During the term of this agreement, a bargaining unit member may be temporarily assigned to provide services outside the employee’s normal job description if work within the employee’s job description is reduced or unavailable, provided:

  • Duties, that are not reasonably related to employees’ jobs, shall be assigned on a voluntary basis.
  • An employee may only be assigned to perform work for which the employee is appropriately trained, licensed (if applicable) and prepared to perform.
  • The assignment shall not, without the employee’s agreement, exceed the hours normally assigned to such employee. The employee shall receive the contractual rate of pay for any additional hours and applicable overtime pay.
  • The employee’s temporary assignment may not result in displacing any other bargaining unit member.
  • An employee shall not without appropriate compensation be assigned job duties associated with job classifications with a higher rate of pay than the employee’s rate of pay.
  • An employee shall not suffer a decrease in pay if assigned job duties associated with job classifications with a lower rate of pay than the employee’s rate of pay.
  • The employee retains the right to return to the employee’s original assignment upon resumption of normal school operations.
  • The employee is afforded reasonable flexibility in scheduling and performing their work.
  • Any home visits or visits made to care centers by unit members shall be on a voluntary basis and consistent with public health guidelines and the terms of this agreement.

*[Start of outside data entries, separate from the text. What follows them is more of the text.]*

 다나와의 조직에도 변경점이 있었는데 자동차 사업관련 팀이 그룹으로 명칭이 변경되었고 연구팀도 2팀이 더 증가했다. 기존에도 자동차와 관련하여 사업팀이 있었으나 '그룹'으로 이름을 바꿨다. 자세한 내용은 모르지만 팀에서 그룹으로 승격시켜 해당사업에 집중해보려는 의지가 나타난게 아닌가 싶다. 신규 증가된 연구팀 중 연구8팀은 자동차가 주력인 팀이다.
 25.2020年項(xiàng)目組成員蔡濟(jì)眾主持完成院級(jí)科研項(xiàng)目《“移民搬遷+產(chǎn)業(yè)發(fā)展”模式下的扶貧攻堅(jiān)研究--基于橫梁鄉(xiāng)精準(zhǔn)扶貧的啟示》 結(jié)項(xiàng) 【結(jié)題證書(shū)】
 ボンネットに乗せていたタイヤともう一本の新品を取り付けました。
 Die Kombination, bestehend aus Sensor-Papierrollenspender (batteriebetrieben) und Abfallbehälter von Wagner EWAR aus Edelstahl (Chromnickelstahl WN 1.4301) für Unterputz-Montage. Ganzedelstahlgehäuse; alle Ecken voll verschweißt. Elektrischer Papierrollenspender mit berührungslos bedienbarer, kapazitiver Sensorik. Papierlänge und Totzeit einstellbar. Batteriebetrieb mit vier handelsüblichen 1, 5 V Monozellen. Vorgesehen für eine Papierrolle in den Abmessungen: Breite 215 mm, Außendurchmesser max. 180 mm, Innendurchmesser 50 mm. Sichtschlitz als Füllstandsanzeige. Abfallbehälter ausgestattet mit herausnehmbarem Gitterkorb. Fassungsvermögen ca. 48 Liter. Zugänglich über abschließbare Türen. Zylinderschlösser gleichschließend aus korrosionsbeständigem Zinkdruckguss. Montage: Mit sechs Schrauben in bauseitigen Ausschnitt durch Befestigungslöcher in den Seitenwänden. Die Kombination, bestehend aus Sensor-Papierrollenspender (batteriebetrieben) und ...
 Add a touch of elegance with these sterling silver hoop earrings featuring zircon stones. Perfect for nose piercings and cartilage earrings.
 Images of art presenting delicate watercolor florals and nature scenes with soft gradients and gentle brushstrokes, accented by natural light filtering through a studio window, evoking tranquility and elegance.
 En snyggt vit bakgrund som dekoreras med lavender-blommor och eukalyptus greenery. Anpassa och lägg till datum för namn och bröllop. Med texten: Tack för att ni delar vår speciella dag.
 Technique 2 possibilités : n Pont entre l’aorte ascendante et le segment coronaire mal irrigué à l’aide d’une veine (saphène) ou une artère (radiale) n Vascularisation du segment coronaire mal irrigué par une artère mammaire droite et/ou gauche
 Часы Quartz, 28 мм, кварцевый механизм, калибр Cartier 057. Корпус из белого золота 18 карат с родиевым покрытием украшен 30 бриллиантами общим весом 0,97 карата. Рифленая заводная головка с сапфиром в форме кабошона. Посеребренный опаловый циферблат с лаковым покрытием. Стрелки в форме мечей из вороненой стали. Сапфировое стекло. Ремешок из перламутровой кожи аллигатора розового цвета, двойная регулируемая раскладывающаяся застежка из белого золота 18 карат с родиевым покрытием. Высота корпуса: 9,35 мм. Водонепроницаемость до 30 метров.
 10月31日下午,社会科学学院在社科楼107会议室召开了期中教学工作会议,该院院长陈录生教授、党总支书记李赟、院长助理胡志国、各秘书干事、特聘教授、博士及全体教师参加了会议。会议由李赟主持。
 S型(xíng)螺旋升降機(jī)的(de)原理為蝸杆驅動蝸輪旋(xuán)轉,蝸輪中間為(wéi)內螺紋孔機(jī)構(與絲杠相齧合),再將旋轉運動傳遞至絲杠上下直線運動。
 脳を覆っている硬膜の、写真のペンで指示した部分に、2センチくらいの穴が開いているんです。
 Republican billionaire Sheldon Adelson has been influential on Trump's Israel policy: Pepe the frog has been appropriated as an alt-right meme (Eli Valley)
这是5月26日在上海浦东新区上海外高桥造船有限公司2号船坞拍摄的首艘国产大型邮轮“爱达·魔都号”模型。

District Administration, in collaboration with the Association, will create and implement a pickup and/or delivery system for the distribution of school supplies, curricular materials, and the necessary technology, to include mailing if necessary. The system will be communicated to all itinerant/building staff and students/families. All extra time provisions outlined in the collective bargaining agreement will continued to be followed.

COVID-19 mitigation

As schools reopen for in-person instruction, required compliance with health and safety protocols and ongoing mitigation efforts remain paramount. Rudimentary staff training is insufficient. Schools need employees to perform the tasks necessary to keep schools safe and keep them open.

Consider:

Adding and training staff to ensure implementation of COVID-19 mitigation strategies for:

  • Cleaning and disinfecting buildings during and beyond the school day.
  • COVID-19 testing and contact tracing of students, staff, and anyone who enters a school building or worksite.
  • Improving ventilation, including monitoring and maintaining HVAC systems where they exist.
  • Maintaining handwashing stations and replenishing soap, hand sanitizer, and other supplies.
  • Staffing COVID-19 isolation rooms.
  • Coordination with community partners to ensure that there is adequate and appropriate PPE for all staff members and students.

Job and wage protections

The pandemic has highlighted the critical role public schools play in our society. This role cannot be performed if education jobs are cut.  

Consider:

  • Maintaining contractually assigned hours.
  • Recalling laid-off employees and restoring reduced hours before soliciting non-employee volunteers.
  • Maintaining full pay and benefits for ESPs if their regular work is unavailable by training them to assist with other duties.
  • Compensating employees for performing higher paying work and providing additional student supports beyond the normal workday.
  • Restricting the use of contracted services.
  • Reimbursing employees for expenses arising from new and different assignments.
  • Providing paid leave, separate from sick leave, if an employee needs to be quarantined or an employee or member of their family contracts COVID or is sick from a vaccination.

Sample Contract Language

In addition to their regular rate of pay, in lieu of the requirement of documenting, submitting, and getting approval for the mileage for each trip
made, bargaining unit members will be paid a [$] stipend for any day(s) day they use their personal vehicles to make wellness checks.